• _Records contained in a dataset_
===============
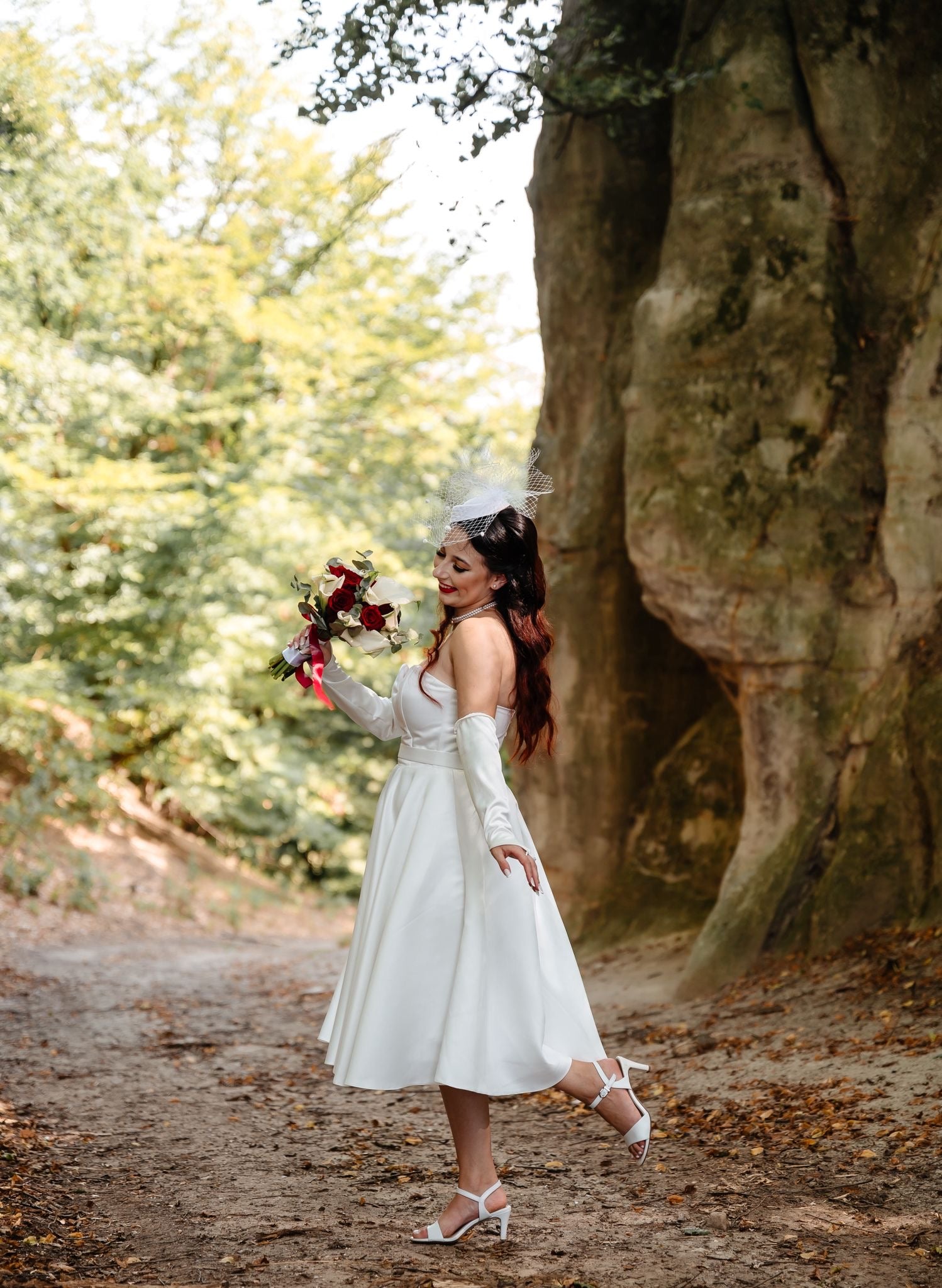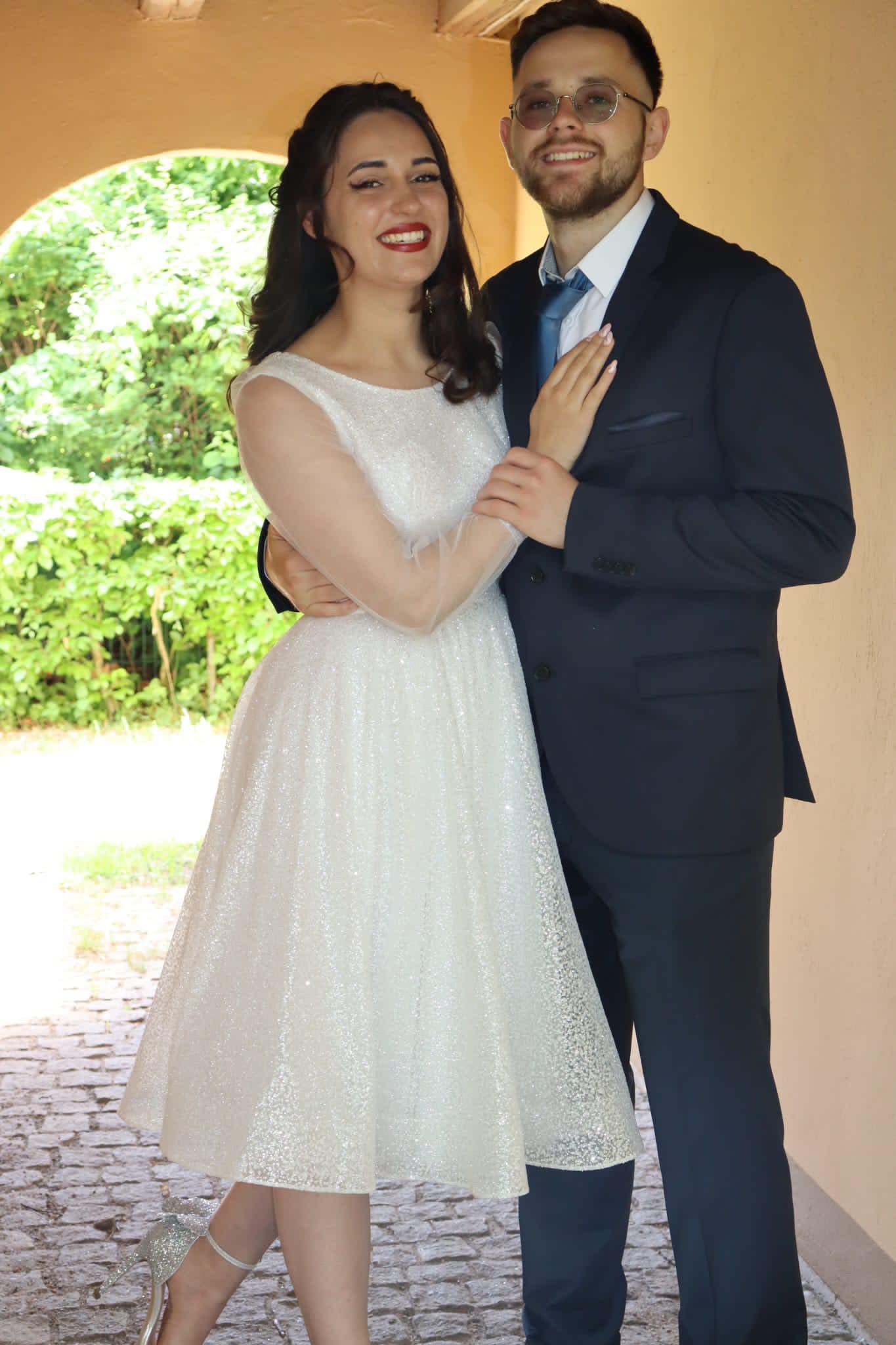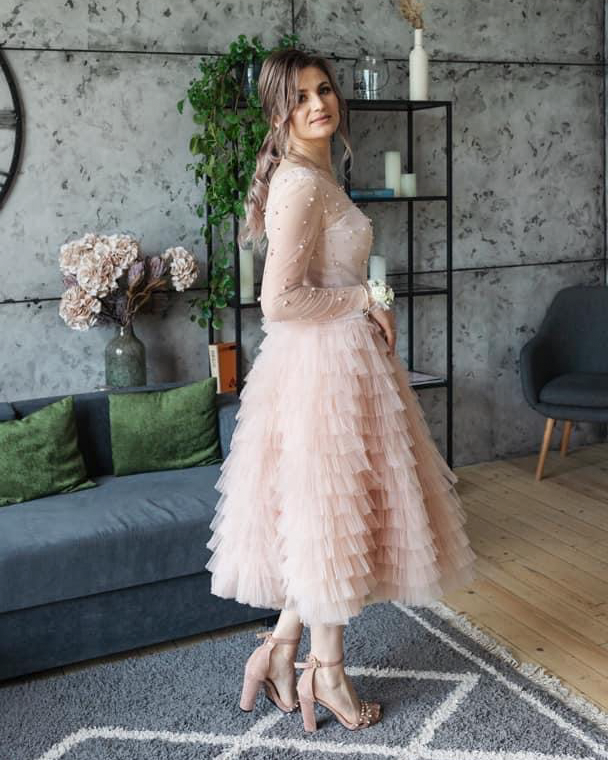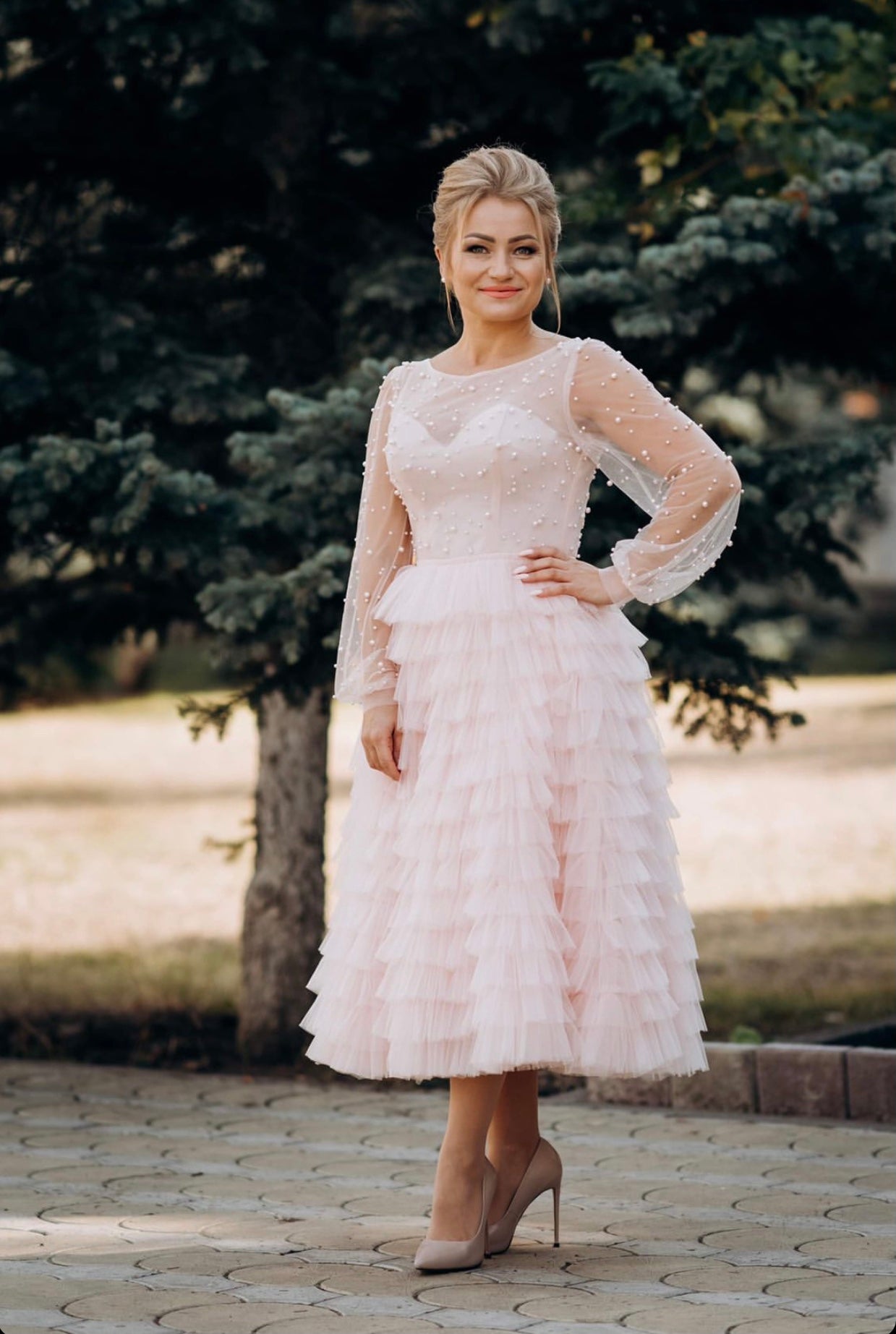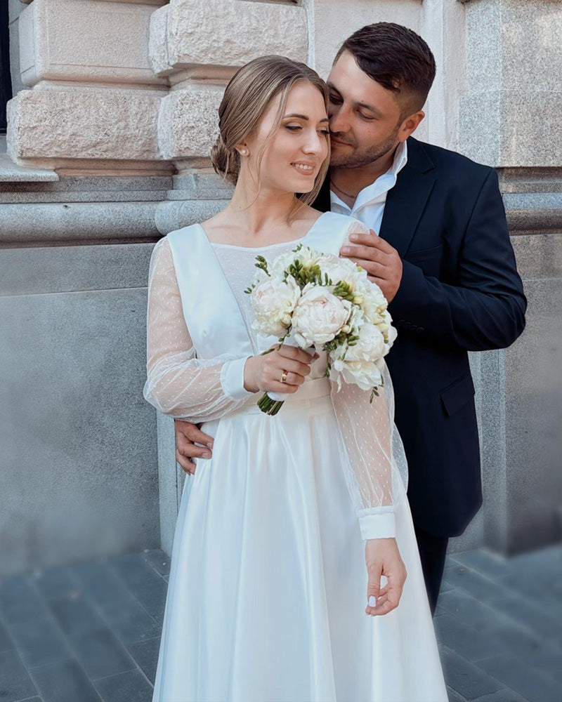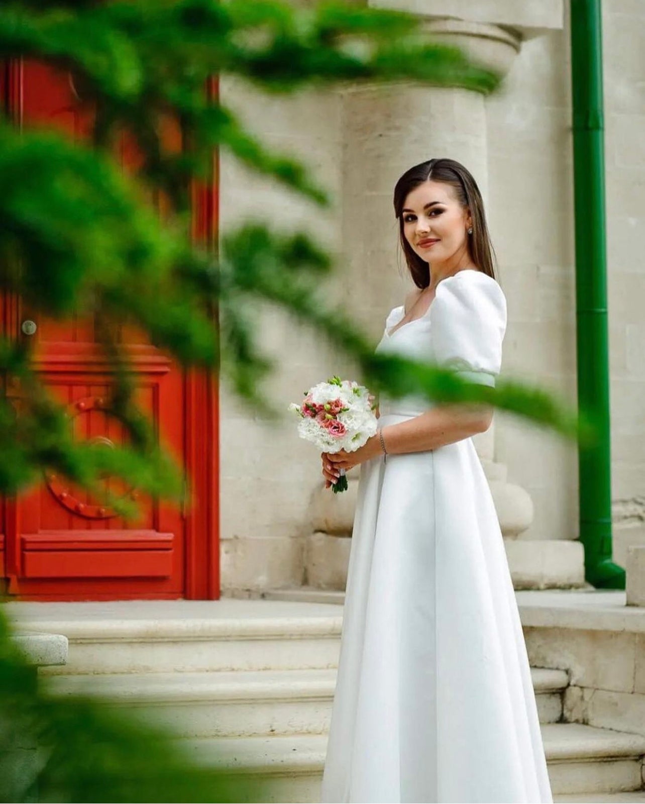 Abito per matrimonio civile particolare, svasato, con maniche lunghe e scollo
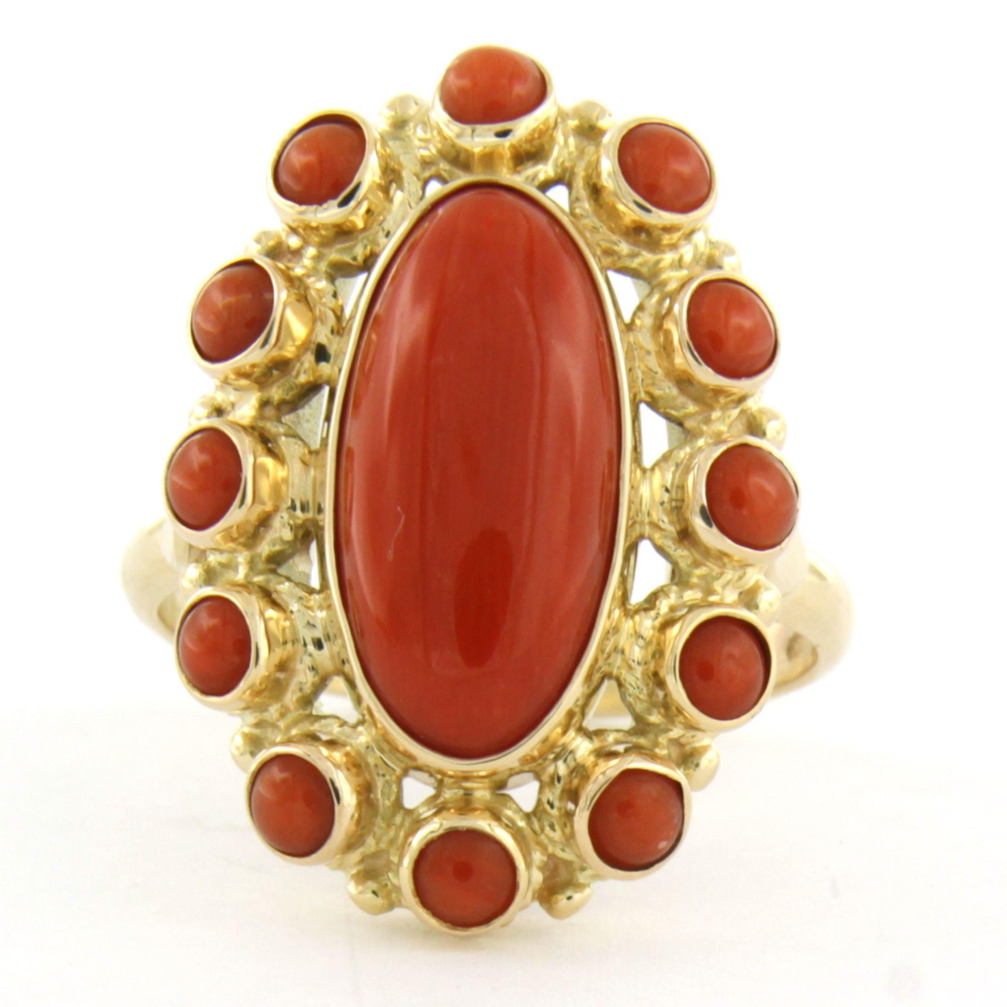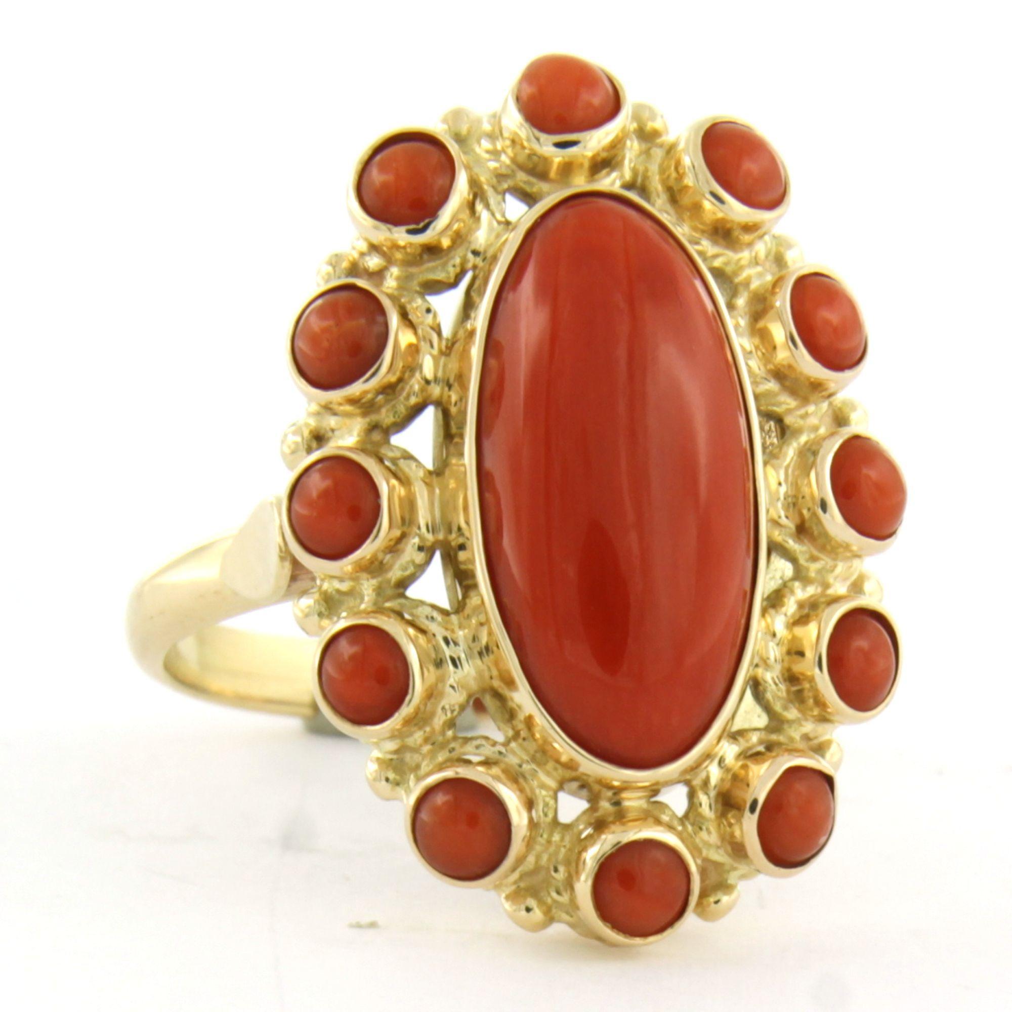 14 Kt. geelgouden ring bezet met koraal - 6.3 gram - ringmaat 18.5(58)
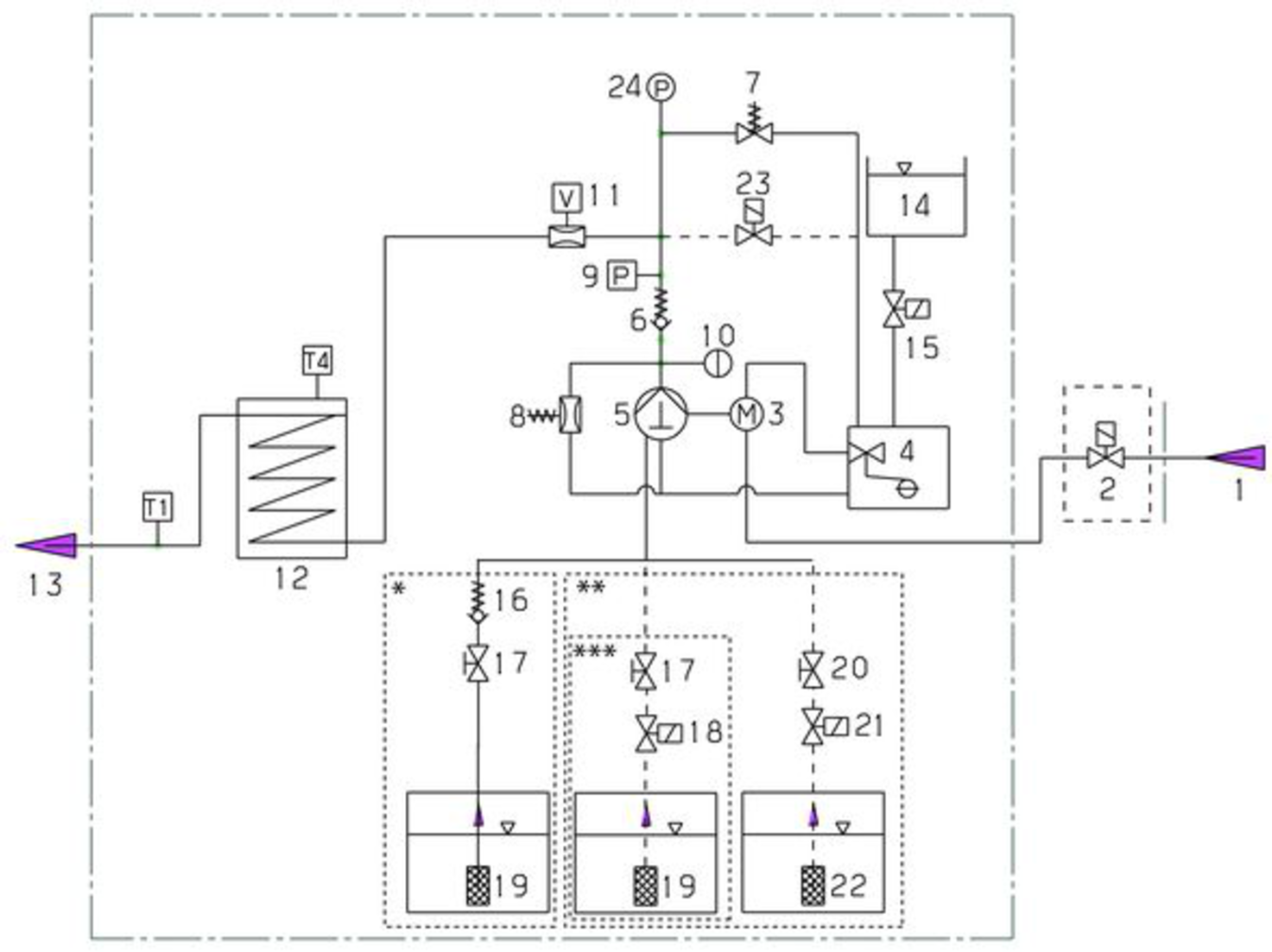 A maximális megengedett rendszernyomás túllépése esetén a biztonsági szelep kinyílik, hogy kiengedje a rendszerben lévő nyomást. A biztonsági szelep beállítását és plombálását a gyártó biztosítja. A beállítást az ügyfélszolgálat biztosítja.
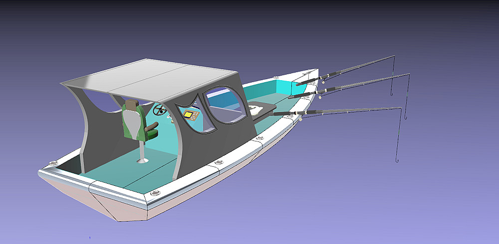 تصميم كامل أو جزئي لقارب، يخت، سفينة صغيرة أو هيكل عائم.
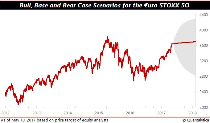 En wat de Euro STOXX 50 betreft, daar spiegelt het optimistische scenario van aandelenanalisten een stijging van 18,2% voor en waarschuwt het bear-scenario voor een daling van 24,8%.
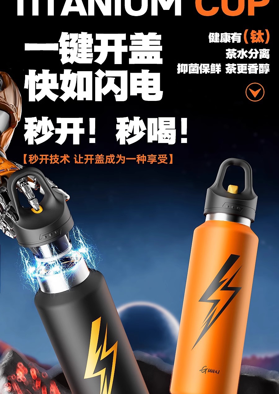 - 【闪电覆钛+独立茶仓】活力橙900ml
===============
• _TASK GOAL_
For this exercise, output the records exactly but omit their pictures.

• _SOLUTION TO THIS PROBLEM_
 Abito per matrimonio civile particolare, svasato, con maniche lunghe e scollo
 14 Kt. geelgouden ring bezet met koraal - 6.3 gram - ringmaat 18.5(58)
 A maximális megengedett rendszernyomás túllépése esetén a biztonsági szelep kinyílik, hogy kiengedje a rendszerben lévő nyomást. A biztonsági szelep beállítását és plombálását a gyártó biztosítja. A beállítást az ügyfélszolgálat biztosítja.
 تصميم كامل أو جزئي لقارب، يخت، سفينة صغيرة أو هيكل عائم.
 En wat de Euro STOXX 50 betreft, daar spiegelt het optimistische scenario van aandelenanalisten een stijging van 18,2% voor en waarschuwt het bear-scenario voor een daling van 24,8%.
 - 【闪电覆钛+独立茶仓】活力橙900ml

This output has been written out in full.